THE PROBLEM = Lift out, unaltered, the lines of the material below between the line holding "The image shows" and the line holding "- Exterior: Awning(s), Hurricane", counting both.

GIVEN RECORDS =
== Segment start ==
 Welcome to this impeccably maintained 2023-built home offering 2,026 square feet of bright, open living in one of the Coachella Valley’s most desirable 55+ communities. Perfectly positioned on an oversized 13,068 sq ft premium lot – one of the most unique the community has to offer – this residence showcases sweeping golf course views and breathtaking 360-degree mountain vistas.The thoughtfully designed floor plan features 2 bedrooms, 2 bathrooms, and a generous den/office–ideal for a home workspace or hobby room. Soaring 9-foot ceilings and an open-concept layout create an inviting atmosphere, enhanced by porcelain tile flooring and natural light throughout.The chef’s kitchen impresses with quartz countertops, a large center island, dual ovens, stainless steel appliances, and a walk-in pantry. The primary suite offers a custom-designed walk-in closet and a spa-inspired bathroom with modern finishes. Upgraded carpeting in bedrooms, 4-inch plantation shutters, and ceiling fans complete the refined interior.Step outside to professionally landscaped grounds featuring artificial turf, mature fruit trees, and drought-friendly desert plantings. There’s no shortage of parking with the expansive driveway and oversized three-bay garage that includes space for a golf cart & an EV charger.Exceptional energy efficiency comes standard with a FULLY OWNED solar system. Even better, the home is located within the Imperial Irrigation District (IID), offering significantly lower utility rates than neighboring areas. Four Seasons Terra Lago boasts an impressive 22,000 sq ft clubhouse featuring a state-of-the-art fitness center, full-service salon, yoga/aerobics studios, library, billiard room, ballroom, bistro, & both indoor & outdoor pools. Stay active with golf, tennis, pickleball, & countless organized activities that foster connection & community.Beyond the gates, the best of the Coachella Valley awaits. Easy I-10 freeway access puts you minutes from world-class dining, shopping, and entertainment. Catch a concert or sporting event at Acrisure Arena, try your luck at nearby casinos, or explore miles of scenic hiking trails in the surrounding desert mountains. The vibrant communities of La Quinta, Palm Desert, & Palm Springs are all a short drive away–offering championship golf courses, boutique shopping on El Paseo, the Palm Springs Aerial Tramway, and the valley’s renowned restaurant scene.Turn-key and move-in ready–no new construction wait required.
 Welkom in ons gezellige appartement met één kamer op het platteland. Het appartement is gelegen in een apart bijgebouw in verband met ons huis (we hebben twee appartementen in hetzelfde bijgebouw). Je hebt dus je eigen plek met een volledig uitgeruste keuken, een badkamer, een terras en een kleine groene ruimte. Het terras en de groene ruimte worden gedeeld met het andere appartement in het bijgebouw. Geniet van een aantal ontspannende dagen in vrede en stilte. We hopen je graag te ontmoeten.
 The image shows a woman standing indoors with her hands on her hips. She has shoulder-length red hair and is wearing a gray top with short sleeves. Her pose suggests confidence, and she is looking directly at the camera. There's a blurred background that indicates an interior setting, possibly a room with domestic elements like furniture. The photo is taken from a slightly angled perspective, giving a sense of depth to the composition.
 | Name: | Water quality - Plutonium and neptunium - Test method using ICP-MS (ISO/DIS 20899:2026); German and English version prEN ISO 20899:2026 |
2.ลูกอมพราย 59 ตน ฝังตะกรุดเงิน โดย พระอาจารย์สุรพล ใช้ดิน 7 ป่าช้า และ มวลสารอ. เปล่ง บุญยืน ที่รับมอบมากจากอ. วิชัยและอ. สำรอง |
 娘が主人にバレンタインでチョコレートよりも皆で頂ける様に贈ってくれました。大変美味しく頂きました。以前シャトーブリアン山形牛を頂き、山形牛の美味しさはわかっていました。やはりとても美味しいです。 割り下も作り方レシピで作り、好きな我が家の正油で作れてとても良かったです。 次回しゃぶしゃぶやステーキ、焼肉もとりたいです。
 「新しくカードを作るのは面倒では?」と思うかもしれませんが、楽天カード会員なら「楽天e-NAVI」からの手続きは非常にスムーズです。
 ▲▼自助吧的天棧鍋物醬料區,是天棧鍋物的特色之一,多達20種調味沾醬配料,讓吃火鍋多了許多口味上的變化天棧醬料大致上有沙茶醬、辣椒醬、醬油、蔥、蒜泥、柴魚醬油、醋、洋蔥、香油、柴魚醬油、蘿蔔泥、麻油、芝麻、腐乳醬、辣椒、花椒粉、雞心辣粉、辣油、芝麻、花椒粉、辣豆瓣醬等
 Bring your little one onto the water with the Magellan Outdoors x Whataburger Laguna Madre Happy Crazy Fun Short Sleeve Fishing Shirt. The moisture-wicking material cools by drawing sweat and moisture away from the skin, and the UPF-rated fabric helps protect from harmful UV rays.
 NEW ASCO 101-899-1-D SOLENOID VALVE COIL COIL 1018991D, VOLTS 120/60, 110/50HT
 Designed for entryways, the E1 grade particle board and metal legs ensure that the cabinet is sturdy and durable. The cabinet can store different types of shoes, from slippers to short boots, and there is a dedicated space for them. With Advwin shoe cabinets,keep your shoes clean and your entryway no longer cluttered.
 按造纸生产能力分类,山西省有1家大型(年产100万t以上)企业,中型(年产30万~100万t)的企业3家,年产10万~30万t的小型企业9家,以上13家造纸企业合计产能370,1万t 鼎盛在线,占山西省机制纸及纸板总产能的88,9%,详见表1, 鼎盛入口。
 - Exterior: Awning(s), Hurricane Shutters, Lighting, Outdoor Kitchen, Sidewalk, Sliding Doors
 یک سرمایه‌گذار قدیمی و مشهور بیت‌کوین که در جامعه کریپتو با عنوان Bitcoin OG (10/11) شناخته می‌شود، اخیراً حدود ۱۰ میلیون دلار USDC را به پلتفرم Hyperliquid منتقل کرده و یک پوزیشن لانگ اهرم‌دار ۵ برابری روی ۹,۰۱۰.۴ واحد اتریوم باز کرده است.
== Segment end ==
PROBLEM SOLUTION =
 The image shows a woman standing indoors with her hands on her hips. She has shoulder-length red hair and is wearing a gray top with short sleeves. Her pose suggests confidence, and she is looking directly at the camera. There's a blurred background that indicates an interior setting, possibly a room with domestic elements like furniture. The photo is taken from a slightly angled perspective, giving a sense of depth to the composition.
 | Name: | Water quality - Plutonium and neptunium - Test method using ICP-MS (ISO/DIS 20899:2026); German and English version prEN ISO 20899:2026 |
2.ลูกอมพราย 59 ตน ฝังตะกรุดเงิน โดย พระอาจารย์สุรพล ใช้ดิน 7 ป่าช้า และ มวลสารอ. เปล่ง บุญยืน ที่รับมอบมากจากอ. วิชัยและอ. สำรอง |
 娘が主人にバレンタインでチョコレートよりも皆で頂ける様に贈ってくれました。大変美味しく頂きました。以前シャトーブリアン山形牛を頂き、山形牛の美味しさはわかっていました。やはりとても美味しいです。 割り下も作り方レシピで作り、好きな我が家の正油で作れてとても良かったです。 次回しゃぶしゃぶやステーキ、焼肉もとりたいです。
 「新しくカードを作るのは面倒では?」と思うかもしれませんが、楽天カード会員なら「楽天e-NAVI」からの手続きは非常にスムーズです。
 ▲▼自助吧的天棧鍋物醬料區,是天棧鍋物的特色之一,多達20種調味沾醬配料,讓吃火鍋多了許多口味上的變化天棧醬料大致上有沙茶醬、辣椒醬、醬油、蔥、蒜泥、柴魚醬油、醋、洋蔥、香油、柴魚醬油、蘿蔔泥、麻油、芝麻、腐乳醬、辣椒、花椒粉、雞心辣粉、辣油、芝麻、花椒粉、辣豆瓣醬等
 Bring your little one onto the water with the Magellan Outdoors x Whataburger Laguna Madre Happy Crazy Fun Short Sleeve Fishing Shirt. The moisture-wicking material cools by drawing sweat and moisture away from the skin, and the UPF-rated fabric helps protect from harmful UV rays.
 NEW ASCO 101-899-1-D SOLENOID VALVE COIL COIL 1018991D, VOLTS 120/60, 110/50HT
 Designed for entryways, the E1 grade particle board and metal legs ensure that the cabinet is sturdy and durable. The cabinet can store different types of shoes, from slippers to short boots, and there is a dedicated space for them. With Advwin shoe cabinets,keep your shoes clean and your entryway no longer cluttered.
 按造纸生产能力分类,山西省有1家大型(年产100万t以上)企业,中型(年产30万~100万t)的企业3家,年产10万~30万t的小型企业9家,以上13家造纸企业合计产能370,1万t 鼎盛在线,占山西省机制纸及纸板总产能的88,9%,详见表1, 鼎盛入口。
 - Exterior: Awning(s), Hurricane Shutters, Lighting, Outdoor Kitchen, Sidewalk, Sliding Doors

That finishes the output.